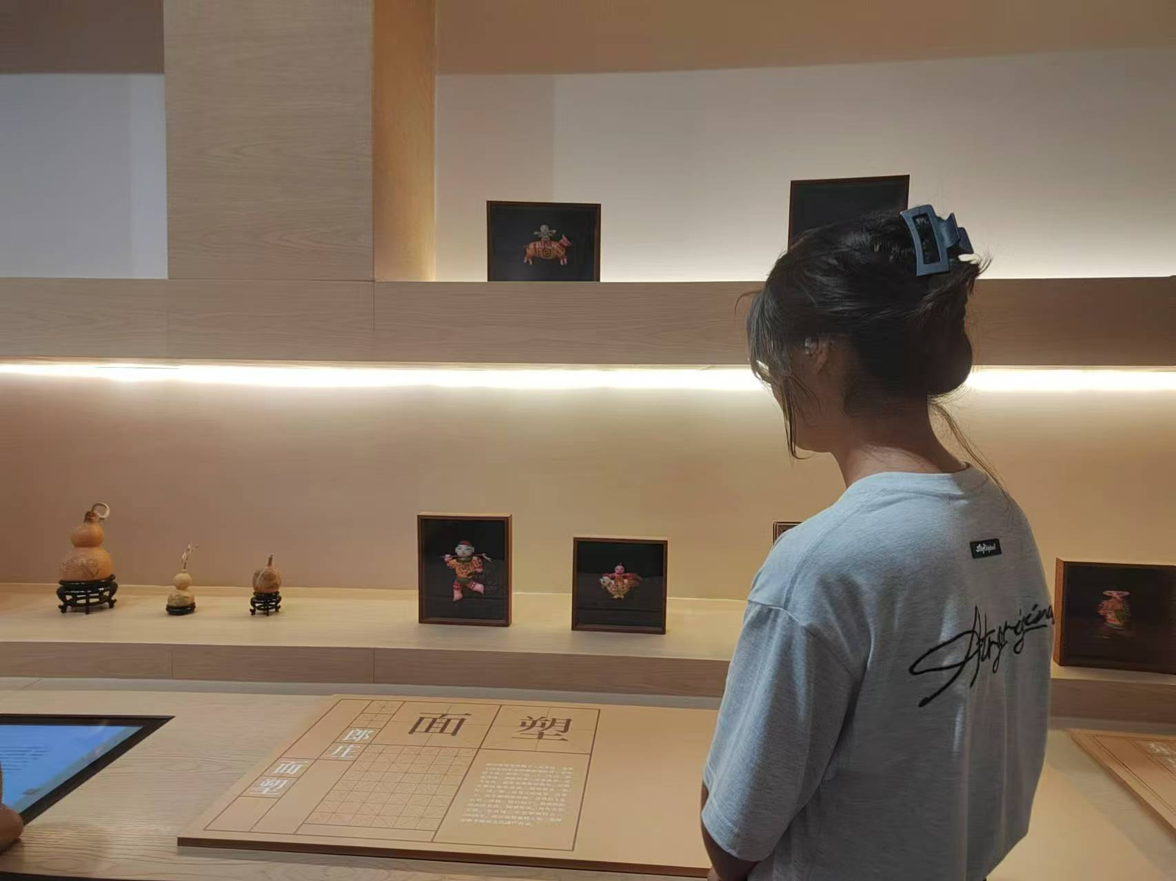 调研准备过程中,全都队进行了充分的资料采集,深刻认识到运河非遗文化传承保护的重要性和紧迫性。在调研过程中,全都队成员认真参观博物馆内的面塑、雕刻、木板年画等展区,详细记录了相关图文信息,对文物、图文资料以及多媒体展览进行了深入细致的研究,重点观察了融媒体展览的呈现形式和内容传递方式。此外,实践队积极与博物馆工作人员沟通交流,倾听他们的见解和经验,深入了解博物馆在融媒体展览策划方面的具体工作,包括策划思路、面临的困难以及所取得的成果。实践队成员直观体会到了博物馆在宣传聊城非遗文化中起到的重要作用,深刻认识到了只有充分利用好融媒体这一工具,才能更好地推广文旅产业,为聊城地区文旅的发展注入新的活力。
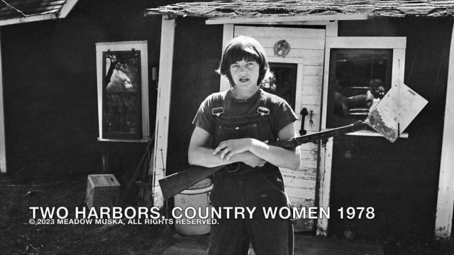 Two Harbors, Minnesota 1978. ©Meadow Muska. Moving from Aitkin Lesbian land to Two Harbors, Shirley Duke poses in front of a log cabin.
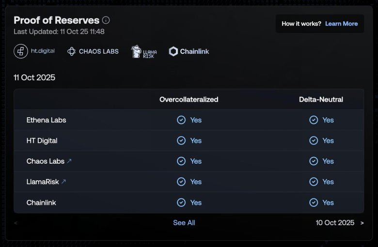 用户可通过Ethena官方透明度仪表板、Chaos Labs预言机平台以及Llama Risk验证服务查看详细的储备数据。该协议强调将继续保持"最大透明度"原则,确保用户对协议安全性的信心。
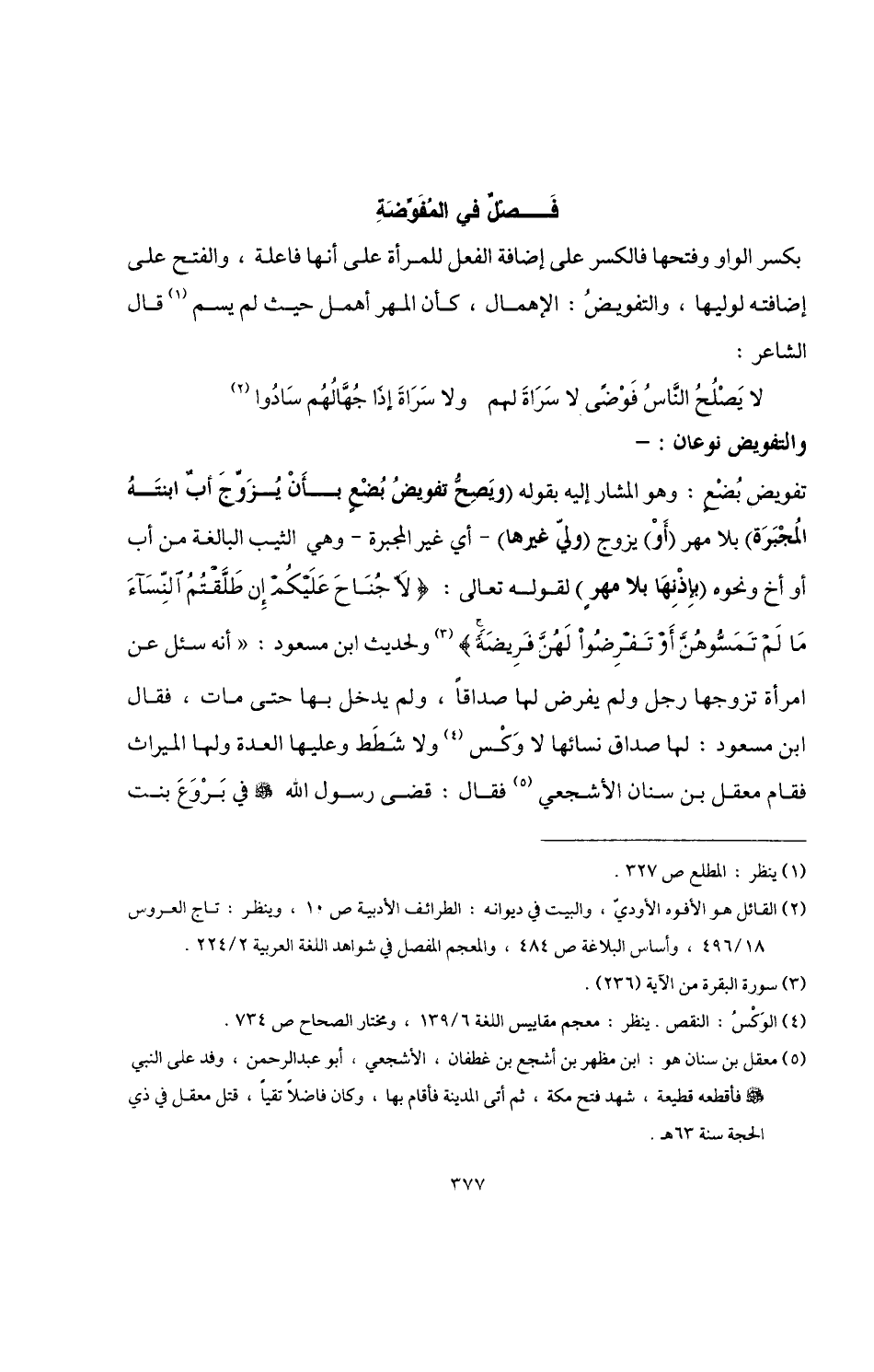 فَصْلٌ فى المُفَوّضَةِ
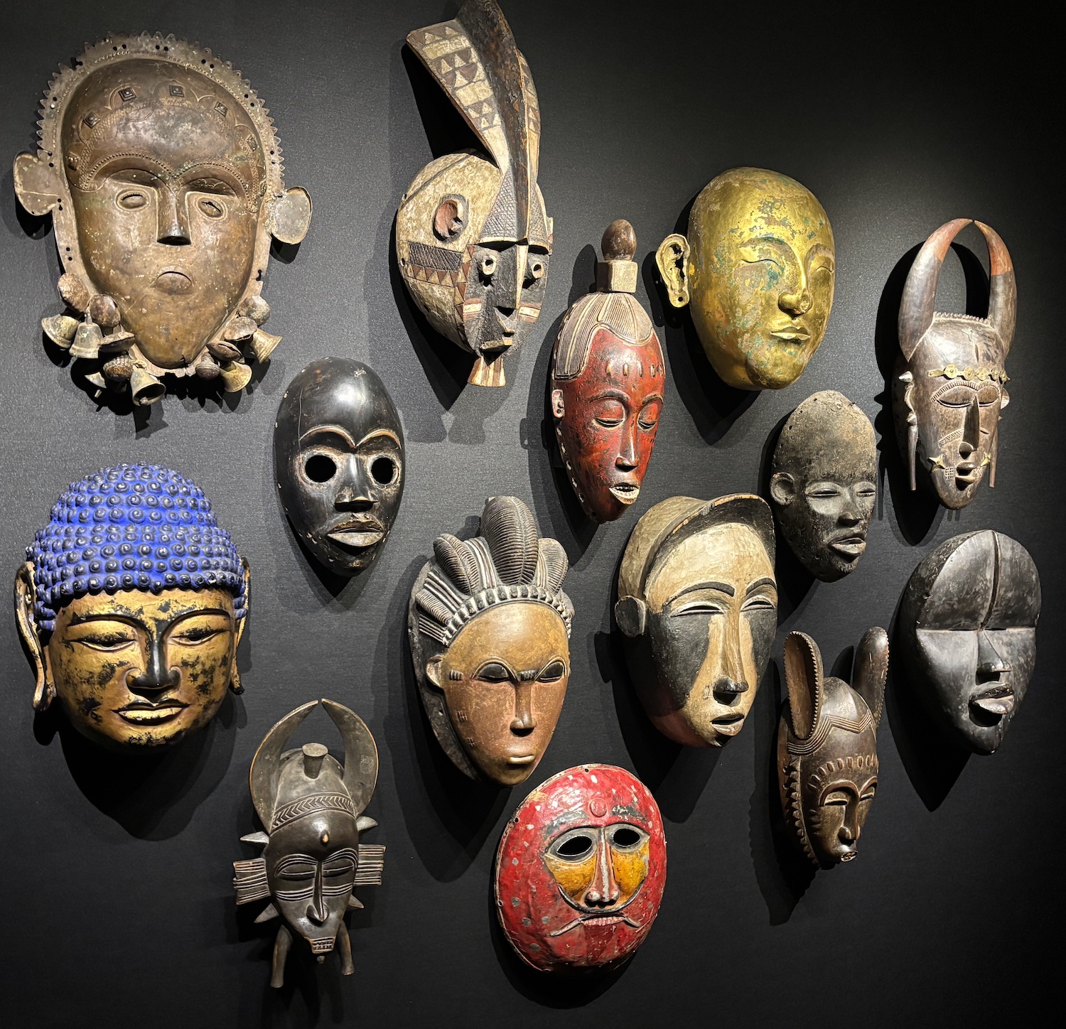 Les masques rassemblés dans la petite salle, en provenance de Chine, du Népal, du Japon, de Côte d’Ivoire ou encore de République Démocratique du Congo sont présentés comme une constellation de visages surgissant d’un monde des esprits.

★ ★ ★ ★ ★ ★ ★

- [WHAT IS EXPECTED]: The copy you produce must hold all the records above exactly and none of their pictures.

- [THE COMPLETED TASK]:
 调研准备过程中,全都队进行了充分的资料采集,深刻认识到运河非遗文化传承保护的重要性和紧迫性。在调研过程中,全都队成员认真参观博物馆内的面塑、雕刻、木板年画等展区,详细记录了相关图文信息,对文物、图文资料以及多媒体展览进行了深入细致的研究,重点观察了融媒体展览的呈现形式和内容传递方式。此外,实践队积极与博物馆工作人员沟通交流,倾听他们的见解和经验,深入了解博物馆在融媒体展览策划方面的具体工作,包括策划思路、面临的困难以及所取得的成果。实践队成员直观体会到了博物馆在宣传聊城非遗文化中起到的重要作用,深刻认识到了只有充分利用好融媒体这一工具,才能更好地推广文旅产业,为聊城地区文旅的发展注入新的活力。
 Two Harbors, Minnesota 1978. ©Meadow Muska. Moving from Aitkin Lesbian land to Two Harbors, Shirley Duke poses in front of a log cabin.
 用户可通过Ethena官方透明度仪表板、Chaos Labs预言机平台以及Llama Risk验证服务查看详细的储备数据。该协议强调将继续保持"最大透明度"原则,确保用户对协议安全性的信心。
 فَصْلٌ فى المُفَوّضَةِ
 Les masques rassemblés dans la petite salle, en provenance de Chine, du Népal, du Japon, de Côte d’Ivoire ou encore de République Démocratique du Congo sont présentés comme une constellation de visages surgissant d’un monde des esprits.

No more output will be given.